Not dragging her feet but walking normally, she approached the counter and glanced at the display of cigarettes, looking specifically at the Virginia Slims; she had an unusually crisp five-dollar bill in her hand this time, which she seemed to have a tight grip on. After a few seconds, however, she loosened her grip and began to nod and shake her head as if she were in a serious argument with someone, and then she sunk her head to the palms of her hands, resting her elbows on the counter.
“Is everything okay?” Diego asked.
“Yes,” Viola said, clearing her throat. Diego nodded. “Well, no. No, everything is not okay.” Diego, who was trying to iron out the wrinkles on his waist apron on the side edge of the counter, paused—as did she. “I’ve realized that I have a smoking problem.”

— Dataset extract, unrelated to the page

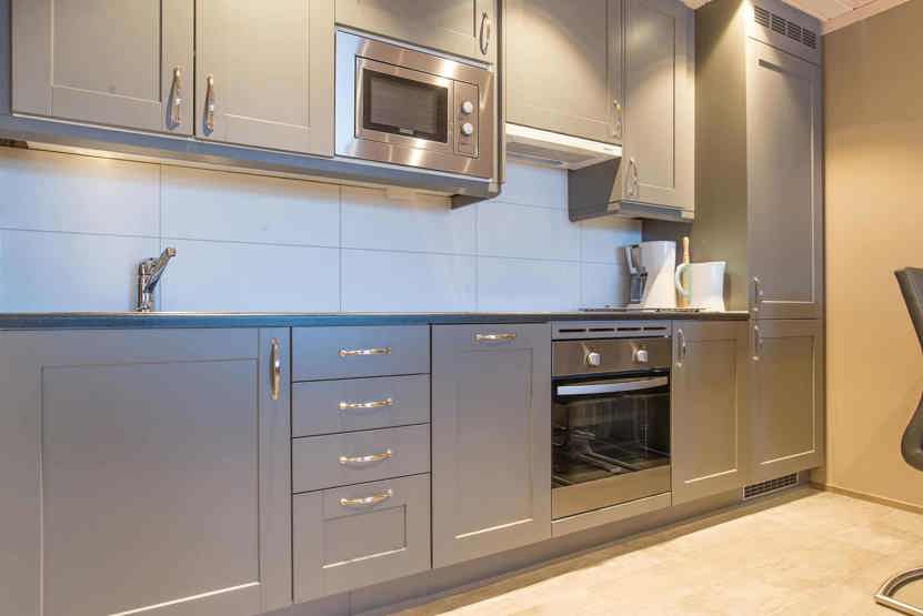 Enheden har komfur med ovn, opvaskemaskine, mikrobølgeovn, køleskab, fryser.
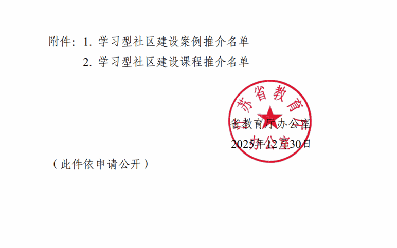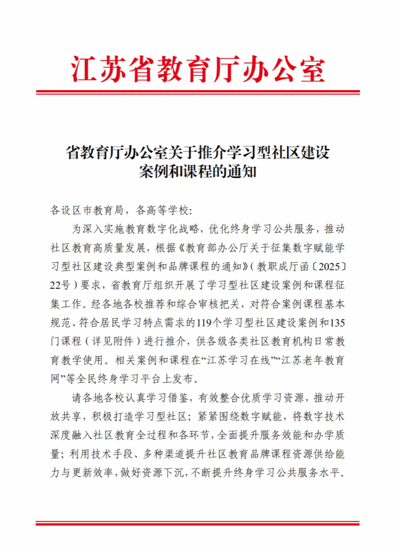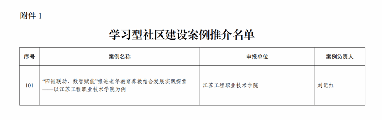 近日,江苏省教育厅办公室发布《关于推介学习型社区建设案例和课程的通知》,公布学习型社区建设案例和课程推介名单。经济管理学院刘记红教授主持的《“四链联动、数智赋能”推进老年教育养教结合发展实践探索——以江苏工程职业技术学院为例》成功入选学习型社区建设案例推介名单。

She closed her eyes, took a deep breath, and said this again but with more confirmation in her voice. Diego, after slowly taking off and cleaning his round-shaped eyeglasses, looked at her and gave a half-hearted shrug.
“I didn’t think I had a problem,” she said. “I mean, Jesus Christ, my whole family smokes—my brothers, my sisters, my aunts and uncles. My father always had packs lying around the house. I had my first cig when I was 14. I didn’t think anything of it until I met my boyfriend. When we started dating, he told me he didn’t smoke because his dad died of lung cancer, but that he didn’t mind that I smoked. When things started getting more serious, however, he tells me: ‘Viola, I think you need to stop with the cigs.’ Stop with the cigs? Okay. I’m not all sure why, but this got me mad. It honestly shouldn’t have, but it did. Anyway, I laughed it off and said, ‘Okay, I will.’ I looked at him in the eyes when I said this. He kissed me and never brought it up again, and I thought that would be the end of it.” She then looked down. “Last week, we were out for lunch, and I told him I needed to go to the restroom, but actually I went outside to smoke. Then he comes outside to take a call from his mom. I’ll never forget his look when he saw me. Never have I seen so much disappointment in someone’s eyes. He didn’t say anything. But he didn’t have to. His look told me everything. With just that one look. I guess it’s when they don’t have anything to say is when it’s really serious.”
Diego, thinking of this, cocked his head and shrugged once again; he then started dusting the counter and went back to tearing up lottery tickets.
“I’m sorry, I didn’t mean to unload all of that on you,” Viola said.
“No worries,” Diego said. “We gotta let it out sometime.”